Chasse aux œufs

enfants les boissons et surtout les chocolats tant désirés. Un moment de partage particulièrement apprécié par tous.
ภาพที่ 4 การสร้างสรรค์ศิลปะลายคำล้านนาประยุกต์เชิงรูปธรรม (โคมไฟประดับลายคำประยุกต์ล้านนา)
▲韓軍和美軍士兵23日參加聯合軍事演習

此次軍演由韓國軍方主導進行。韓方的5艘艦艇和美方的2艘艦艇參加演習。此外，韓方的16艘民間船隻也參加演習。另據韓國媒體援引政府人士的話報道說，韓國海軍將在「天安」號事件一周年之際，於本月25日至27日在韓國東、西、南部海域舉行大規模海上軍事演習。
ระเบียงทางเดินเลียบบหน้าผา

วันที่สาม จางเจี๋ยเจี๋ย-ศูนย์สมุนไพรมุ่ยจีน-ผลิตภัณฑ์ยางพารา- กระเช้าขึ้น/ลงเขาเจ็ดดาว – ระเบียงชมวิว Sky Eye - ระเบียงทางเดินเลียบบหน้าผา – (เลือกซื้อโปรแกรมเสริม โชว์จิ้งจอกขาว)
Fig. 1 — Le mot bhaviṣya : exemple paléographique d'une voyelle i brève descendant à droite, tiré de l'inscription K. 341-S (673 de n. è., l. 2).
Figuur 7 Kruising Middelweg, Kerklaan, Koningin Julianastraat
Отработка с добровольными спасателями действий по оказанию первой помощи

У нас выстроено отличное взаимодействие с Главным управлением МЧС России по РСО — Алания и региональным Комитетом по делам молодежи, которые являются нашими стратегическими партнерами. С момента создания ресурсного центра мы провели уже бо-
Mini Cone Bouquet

...

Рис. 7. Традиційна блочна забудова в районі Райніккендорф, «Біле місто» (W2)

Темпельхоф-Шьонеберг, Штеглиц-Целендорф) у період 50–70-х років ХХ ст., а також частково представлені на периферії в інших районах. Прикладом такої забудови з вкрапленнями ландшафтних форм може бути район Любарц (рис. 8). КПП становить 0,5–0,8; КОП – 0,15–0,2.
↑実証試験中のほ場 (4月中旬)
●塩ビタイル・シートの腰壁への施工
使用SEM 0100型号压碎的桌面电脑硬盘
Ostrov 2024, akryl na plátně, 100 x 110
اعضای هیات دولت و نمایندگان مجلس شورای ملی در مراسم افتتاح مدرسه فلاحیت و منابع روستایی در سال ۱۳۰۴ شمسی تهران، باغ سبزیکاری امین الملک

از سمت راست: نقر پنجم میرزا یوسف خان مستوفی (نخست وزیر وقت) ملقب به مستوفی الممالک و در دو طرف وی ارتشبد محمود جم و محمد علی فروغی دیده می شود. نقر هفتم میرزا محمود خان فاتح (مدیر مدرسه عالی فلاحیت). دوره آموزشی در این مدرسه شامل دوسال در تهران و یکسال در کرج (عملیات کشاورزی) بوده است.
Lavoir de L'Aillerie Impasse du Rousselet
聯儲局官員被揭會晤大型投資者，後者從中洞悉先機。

---

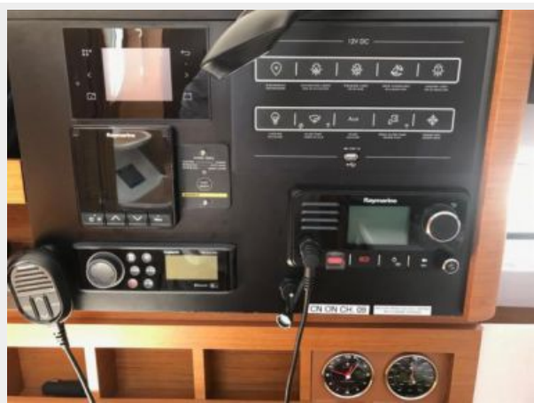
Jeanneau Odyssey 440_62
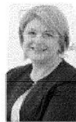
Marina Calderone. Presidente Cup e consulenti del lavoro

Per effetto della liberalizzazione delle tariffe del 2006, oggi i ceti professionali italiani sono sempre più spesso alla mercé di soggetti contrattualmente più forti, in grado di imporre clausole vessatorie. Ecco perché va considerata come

**TASK DIRECTIONS**
Which lines of the data include "ยงทางเด"? Copy each of them.

**ANSWER TO THE PROBLEM**
ระเบียงทางเดินเลียบบหน้าผา
วันที่สาม จางเจี๋ยเจี๋ย-ศูนย์สมุนไพรมุ่ยจีน-ผลิตภัณฑ์ยางพารา- กระเช้าขึ้น/ลงเขาเจ็ดดาว – ระเบียงชมวิว Sky Eye - ระเบียงทางเดินเลียบบหน้าผา – (เลือกซื้อโปรแกรมเสริม โชว์จิ้งจอกขาว)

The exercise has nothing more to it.